**Your objective:**
Every line from the one holding "Mi-Room, сеть фирменных" through the last line of the records must be retyped exactly, and no other line or picture may appear in the copy.

═══ Input material

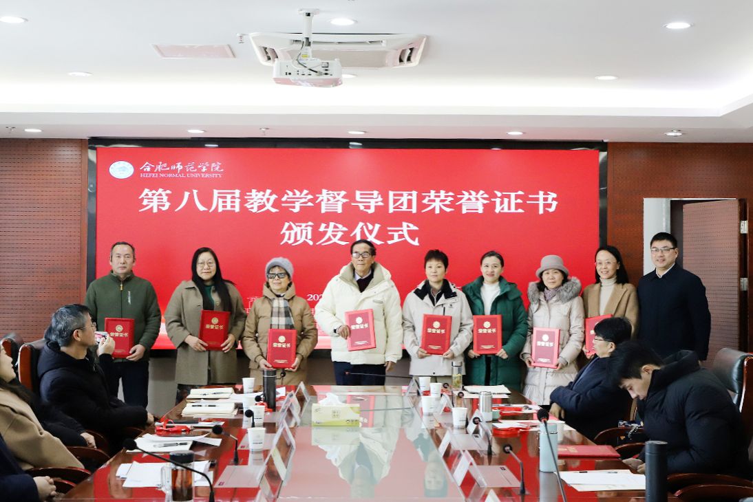 周端明强调了教学督导队伍建设对学校教学质量保障体系建设的重要性,充分肯定了第八届本科教学督导团在维护教学秩序、严格教学规范、提升课堂教学质量、帮助青年教师成长等方面作出的重要贡献,并向第八届教学督导团成员颁发了荣誉证书。
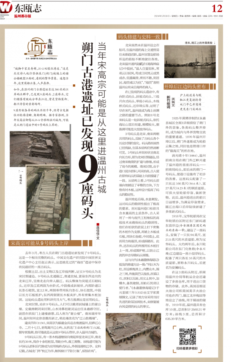 建炎四年(1130),宋高宗为躲避金兵追击南渡温州,驻跸江心寺。二月十七日,圣驾离开江心屿,从拱北门(后改称朔门)入城。据专家推测,他可能就是从这座9号码头登岸,步入温州古城的。
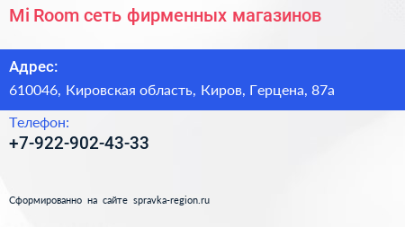 Mi-Room, сеть фирменных магазинов по адресу 610046, Кировская область, Киров, Герцена, 87а в дальнейшем Организация, размещена в следующих категориях:
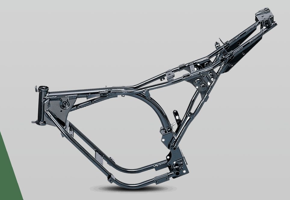 如果說,發(fā)動機是摩托車的“心臟”,那么車架就是摩托車的“骨骼”。車架與摩托車的操控性能、乘騎舒適度密切相關。車架支撐著發(fā)動機,為轉(zhuǎn)向機構和后減震器提供固定位置,承載著騎手、乘客和他們的行李,此外還為油箱、蓄電池等提供安裝位置等等。
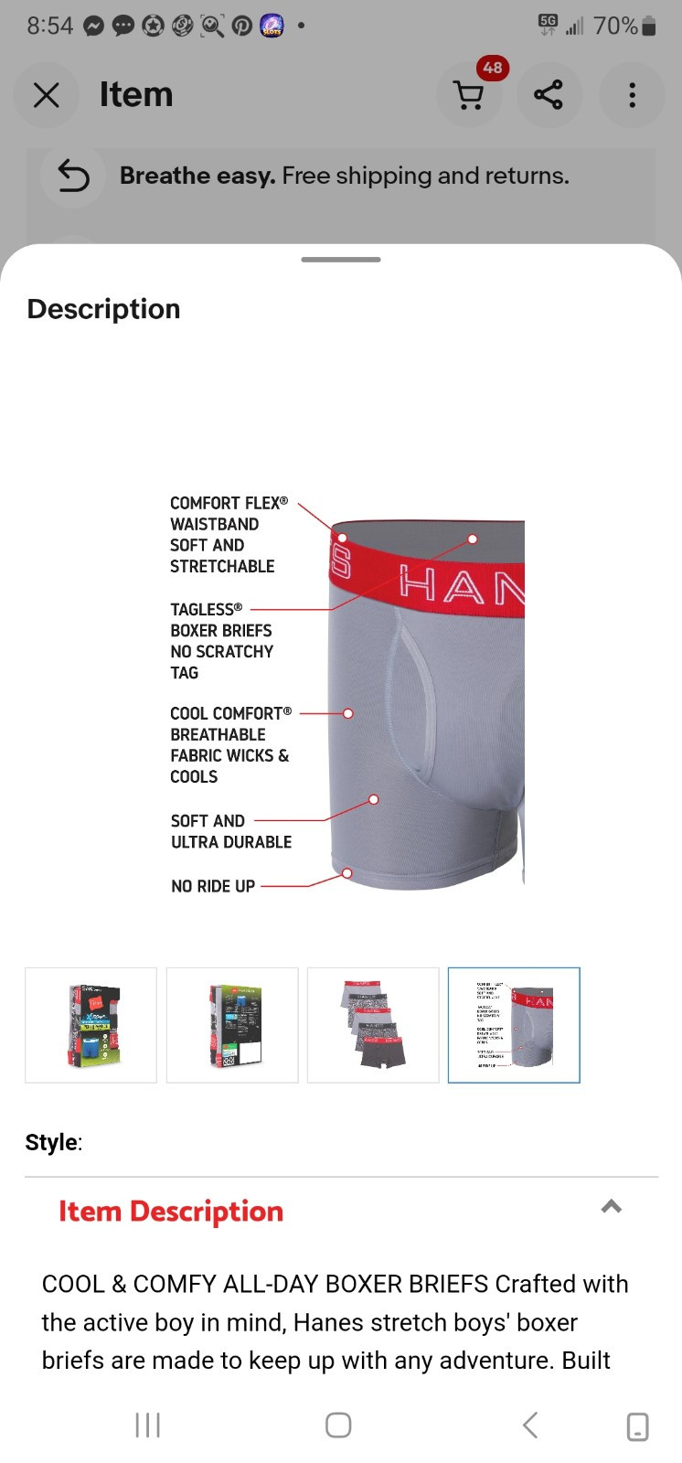 Особенности: All Seasons, Tagless, Breathable, Hanes, Boys, boxes Briefs, underwear, performance, 4 way stretch, X-Temp
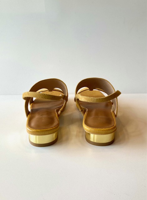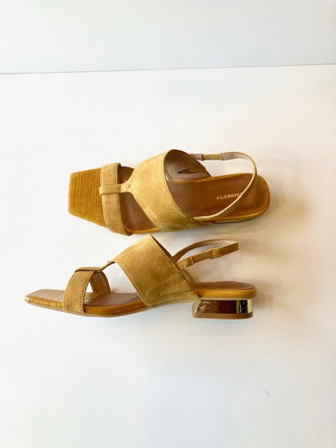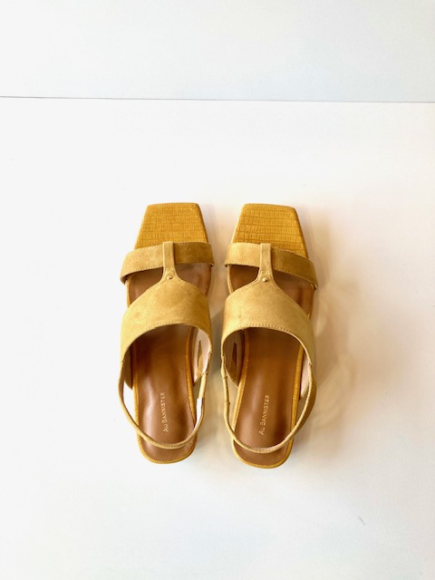 型押しリザードとスウェードのコンビ使いがエキゾチックな雰囲気のサンダル。ソールの形状による安定感のある履き心地と高級感のあるデザインが魅力で、メタリックゴールドのヒールが上品なアクセントに。 ヒール約3.5cm 羊革
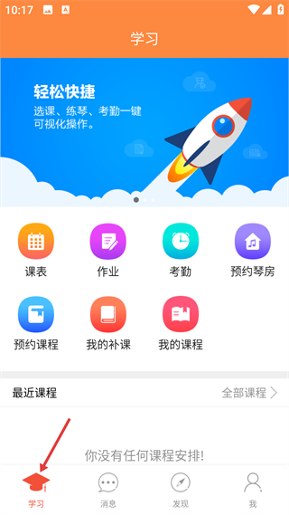 2、學習頁能查看課程安排,使用課表作業考勤等工具,還可預約琴房與課程,高效管理自身學習相關事項。

══════

**Solution to this exercise:**
 Mi-Room, сеть фирменных магазинов по адресу 610046, Кировская область, Киров, Герцена, 87а в дальнейшем Организация, размещена в следующих категориях:
 如果說,發(fā)動機是摩托車的“心臟”,那么車架就是摩托車的“骨骼”。車架與摩托車的操控性能、乘騎舒適度密切相關。車架支撐著發(fā)動機,為轉(zhuǎn)向機構和后減震器提供固定位置,承載著騎手、乘客和他們的行李,此外還為油箱、蓄電池等提供安裝位置等等。
 Особенности: All Seasons, Tagless, Breathable, Hanes, Boys, boxes Briefs, underwear, performance, 4 way stretch, X-Temp
 型押しリザードとスウェードのコンビ使いがエキゾチックな雰囲気のサンダル。ソールの形状による安定感のある履き心地と高級感のあるデザインが魅力で、メタリックゴールドのヒールが上品なアクセントに。 ヒール約3.5cm 羊革
 2、學習頁能查看課程安排,使用課表作業考勤等工具,還可預約琴房與課程,高效管理自身學習相關事項。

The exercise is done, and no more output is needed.